The TNSE projection is computed on the training set, and then, we reuse the same projection to visualize the tests set (x) and their counterfactuals (o) in the same space.

[ ]:

# TSNE
tsne = TSNE(
    perplexity=30,
    metric="euclidean",
    n_jobs=8,
    random_state=42,
    verbose=True,
)

# Create a projection from the Train dataset
embedding_train = tsne.fit( dataset.df_train.drop(columns='y').to_numpy() )

[ ]:

# use the projection to project the generated counterfactuals of the test set
embedding_cf_test = embedding_train.transform( cf.numpy() )

[ ]:

# use the same projection to project the data of the test set
embedding_test = embedding_train.transform( dataset.df_test.drop(columns='y').to_numpy() )

[ ]:

sns.color_palette("Paired")
plotvalues = pd.DataFrame({'x':embedding_train[:,0], 'y':embedding_train[:,1], 'c':dataset.df_train['y']})
fig=sns.kdeplot(data=plotvalues, x="x", y="y", hue="c", fill=False, levels=5)
plt.scatter( embedding_test[:,0], embedding_test[:,1], c=(clcf[:, 0] > 0.5).int(), cmap='Paired', marker='x')
plt.scatter( embedding_cf_test[:,0], embedding_cf_test[:,1], c=(clcf[:, 0] > 0.5).int(), cmap='Paired', marker='o')
fig.axes.get_xaxis().set_visible(False)
fig.axes.get_yaxis().set_visible(False)
plt.legend('',frameon=False)
plt.show()

Same experiment, with VCNet

The posthoc version seems to work correctly … then, we now investigate the joint-learning model of VCNet.

[ ]:

hp["vcnet_params"]= {
        "lr":  2e-3,
        "epochs" : 10,
        "lambda_KLD": 0.5,
        "lambda_CE": 0.93,
        "lambda_BCE": 1,
        "latent_size" : 19,
        "latent_size_share" :  304,
        "mid_reduce_size" : 152
    }

vcnet = VCNet(hp)

[ ]:

# Finally, fit it using a Lightning module
trainer = L.Trainer(max_epochs=hp['vcnet_params']['epochs'])
trainer.fit(model=vcnet, train_dataloaders=dataset.train_dataloader())

[ ]:

vcnet.eval()
for data, labels in dataset.test_dataloader():
    cl = vcnet.forward_pred(data)
    cf, clcf = vcnet.counterfactuals(data)
    rlcf = dataset.data_unloader(cf,clcf)
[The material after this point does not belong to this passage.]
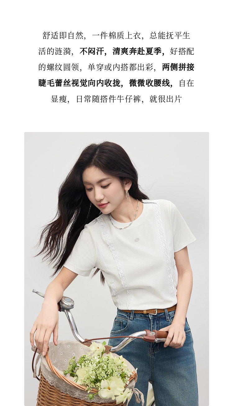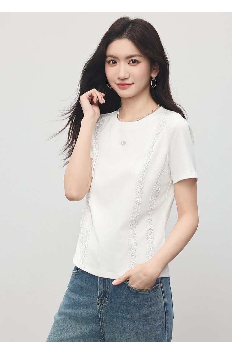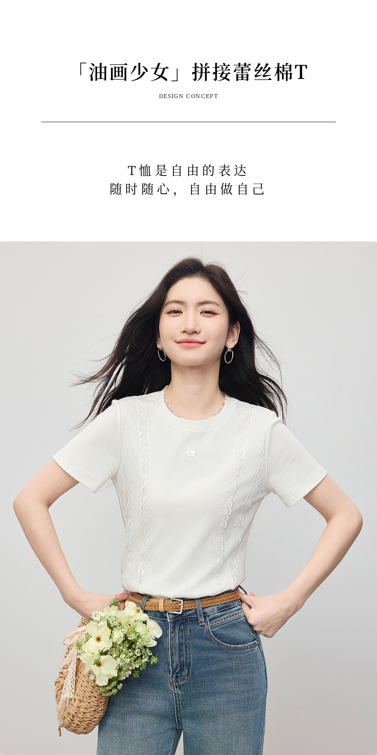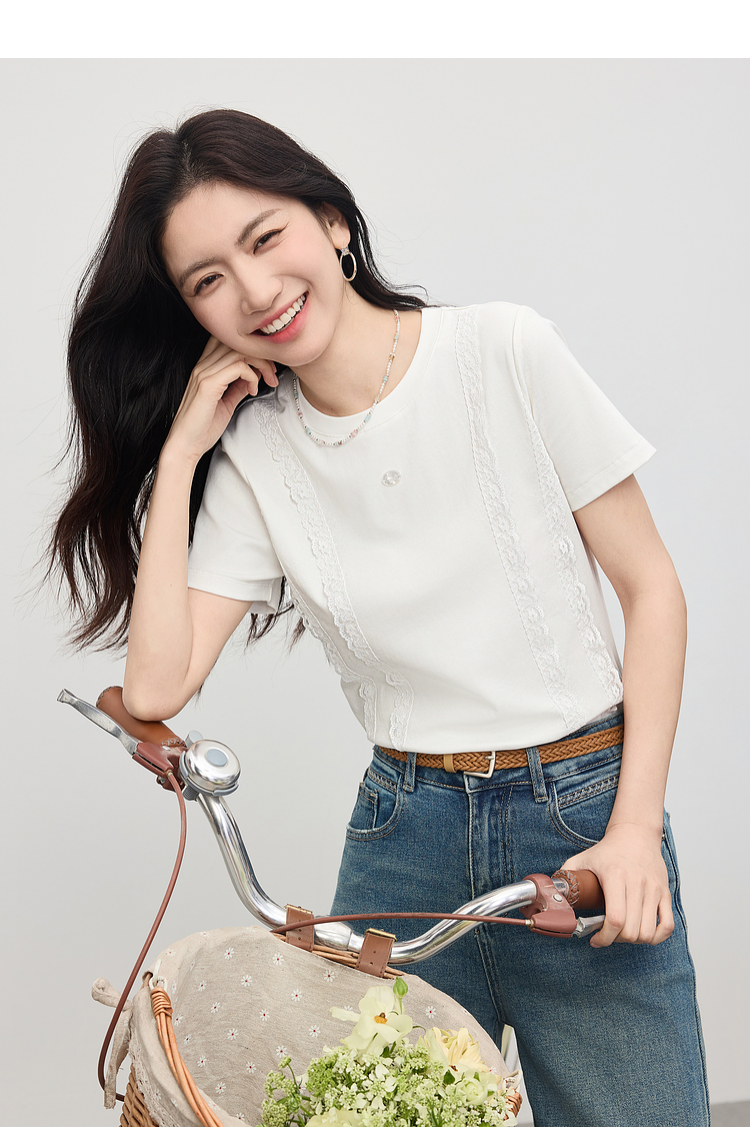 熙世界蕾丝花边拼接白色T恤女设计感圆领棉体恤上衣2025夏季新款

    acc = torch.sum((cl[:, 0] > 0.5).int() == labels[:, 0]) / len(data)
    validity = torch.sum((cl[:, 0] > 0.5).int() != (clcf[:, 0] > 0.5).int()) / len(data)
    print(f"Accuracy: {acc}, validity:{validity}")

[ ]:

# we simply reproject the counterfactual (in the similar space as before)
embedding_cf_test = embedding_train.transform( cf.numpy() )

[ ]:

sns.color_palette("Paired")
plotvalues = pd.DataFrame({'x':embedding_train[:,0], 'y':embedding_train[:,1], 'c':dataset.df_train['y']})
fig=sns.kdeplot(data=plotvalues, x="x", y="y", hue="c", fill=False, levels=5)
plt.scatter( embedding_test[:,0], embedding_test[:,1], c=(clcf[:, 0] > 0.5).int(), cmap='Paired', marker='x')
plt.scatter( embedding_cf_test[:,0], embedding_cf_test[:,1], c=(clcf[:, 0] > 0.5).int(), cmap='Paired', marker='o')
fig.axes.get_xaxis().set_visible(False)
fig.axes.get_yaxis().set_visible(False)
plt.legend('',frameon=False)
plt.show()

With the joint version, the spread of counterfactual seems to be better than before.